If basketball can often be decided by which team scores last, does the `best’ team always win the championship? Are the most successful teams rewarded with spots in the playoffs? Given that the ultimate aim is to reach the playoffs and win the championship, in some ways the answer to the last two questions is always yes. En route to the NBA finals in the 2024-25 season, the Indiana Pacers won three games in the playoffs where they trailed going into the final minute. The eastern conference semifinal against the Cleveland Cavaliers was particularly notable; the Pacers trailed from midway through the first quarter before finally regaining the lead with one second left in the game. While many sports have such exciting last-gasp reversals, the high-scoring nature of basketball raises the question, how often do teams dominate scoring while losing games? This in turn brings up a larger question, is basketball ‘efficient’? Is there an inherent nature of the games and competition structure that rewards dominating games less than expected? To address these questions we will need both game and season data.

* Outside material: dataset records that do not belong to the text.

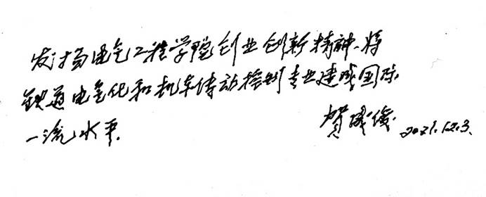 最后贺教授留下一段寄语鼓舞当代交大电气学子在奋斗中砥砺前行,他写道:“发扬Fun88乐天堂官网 创业创新精神,将铁道电气化和机车传动控制专业建成国际一流水平”。贺教授严于律己、言传身教,培养了一批又一批铁道电气化与自动化英才,他敢为人先、勇于创新、务实奋进、迎难而上、辛勤耕耘、著书立说的精神都值得电气学子深深领悟和学习。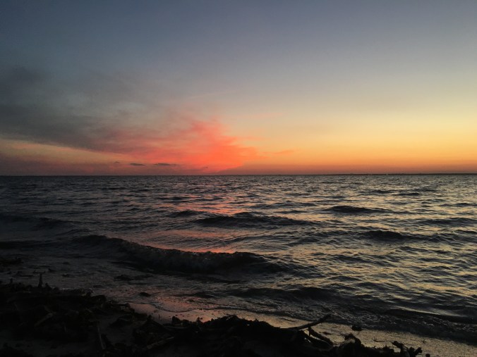 The air is somehow both cool and warm as I breathe the saline scent of ocean air into my lungs. There’s no one in sight when I scan the horizon, but I do not feel alone. In fact, I feel more accompanied than I ever have been. The sunrise is welcomed, casting slightly different shades of orange and gold than it did when it left the day before. I drift off into contemplation…
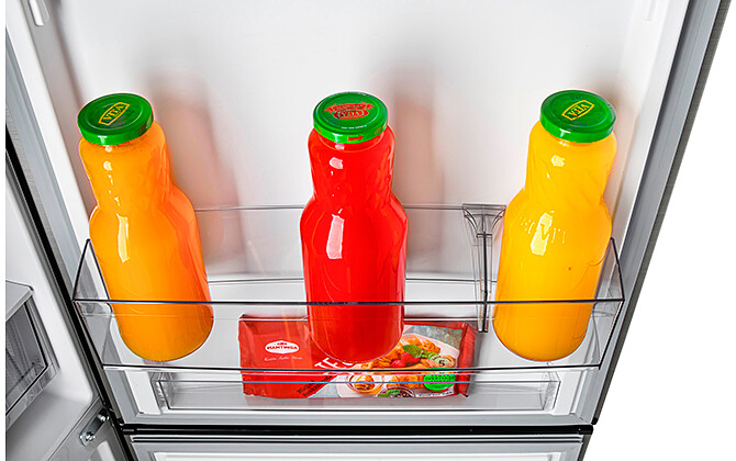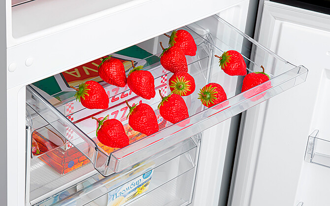 Стандартные корзины можно переставлять по высоте. Есть возможность использовать пространство морозильника без корзин: прутковый испаритель между корзинами выдерживает нагрузку до 20 кг при равномерном распределении.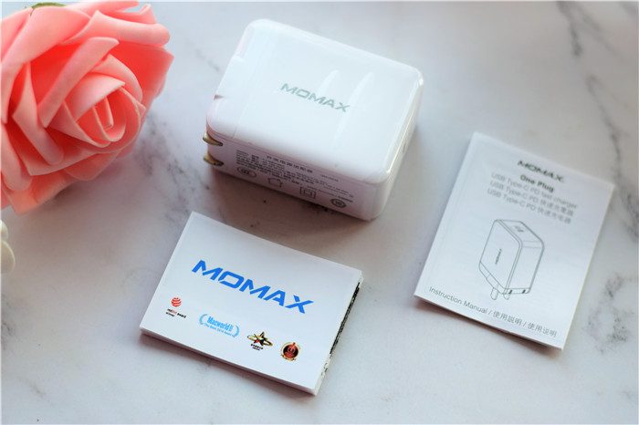 MOMAX18W快充插头同样支持PD快充,采用可以收纳的设计,方便不使用时将金属片收纳。

Dominating Games & Last Minute Winners

Each basketball game generates a wealth of data, much of which is publicly accessible in recent years. Play-by-play game logs can be insightful as these record all distinct actions in a game, such as fouls or scoring events. From these game logs we can reconstruct any derived statistics on a per-game basis. Below is the scoring differential of that eastern conference semifinal between Indiana and Cleveland.

We can see that Cleveland were ahead for the vast majority of the game, after a short period of Indiana leading at the start. The deciding part however came with only three seconds to go, when the Pacers’ point guard Haliburton launched a successful 3-pt shot turning a 117-119 loss into a 120-199 win. While the result is obviously decided by the score at the end of play, Indiana were only leading for 7% of the total game time, compared to 88% for Cleveland (the remaining ~5% the score was even) so were the Pacers really the ‘better’ team? 88% is a lot of the game to lead and still lose. Do successful teams avoid what happened to Cleveland? Do they regularly come from behind as Indiana did?

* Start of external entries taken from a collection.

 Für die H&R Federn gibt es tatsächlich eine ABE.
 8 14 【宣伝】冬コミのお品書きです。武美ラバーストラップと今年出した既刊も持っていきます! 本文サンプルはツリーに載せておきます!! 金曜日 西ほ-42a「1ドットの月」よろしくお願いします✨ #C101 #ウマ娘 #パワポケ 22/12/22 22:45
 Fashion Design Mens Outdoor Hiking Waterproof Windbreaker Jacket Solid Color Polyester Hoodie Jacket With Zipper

To look into these questions we will use the game logs from the 2016-17 to the 2024-25 seasons. This covers 11,534 games in total, including 10755 regular season games. We will focus on the regular season games to ensure all teams have a comparable number of games in the dataset. To see how out of the ordinary Cleveland’s loss was, we calculate the fraction each team spends ahead/behind in a game, classifying these by whether they win or lose. Below we see the distribution of how long teams which lose have spent leading games. There is obviously a large peak at 0 for very one-sided games, but we can see a long tail all the way up to nearly 100% - the longest a team has lead the game and lost in this period is Clippers vs Wizards from January 2022, where the Clippers first took the lead with less than two seconds remaining. We can now see that Cleveland’s failure to complete a dominant win was unusual - only 79 games of the 10,740 analysed (15 games were dropped due to incomplete data) had a team who had longer in the lead, but went on to lose. That’s 0.74%, meaning this game would be in the top 1% of dominant losses.

The time spent behind in a win is the mirror of this distribution, as expected. The reverse measure, the time spent leading in games won shows a similar distribution, although the peak at 99% is smaller - it’s harder to dominate games than lose them comprehensively. Time spent in a tie is not counted in either statistic, so 0% time in front in a loss could include long stretches of tied game.

Using these distributions of data from the 9 seasons analysed we could label certain games according to their position in the distribution. We have labelled losses from the top 10 percentile of losing time in front as “dominant defeats”, which indicates that the losing team spent at least 61.5% of the game leading, while we also label wins from the bottom 10 percentile of winning time in front (also 61.5%) as “unlikely wins”. The plots below show each teams unlikely winds and dominant defeats across the 9 seasons. Comparing these to win percentage, we can see that generally more successful teams do have more unlikely wins (filled circles) than dominant defeats (open circles), although it is far from a distinct trend and the overall number of these games is comparable between teams and seasons.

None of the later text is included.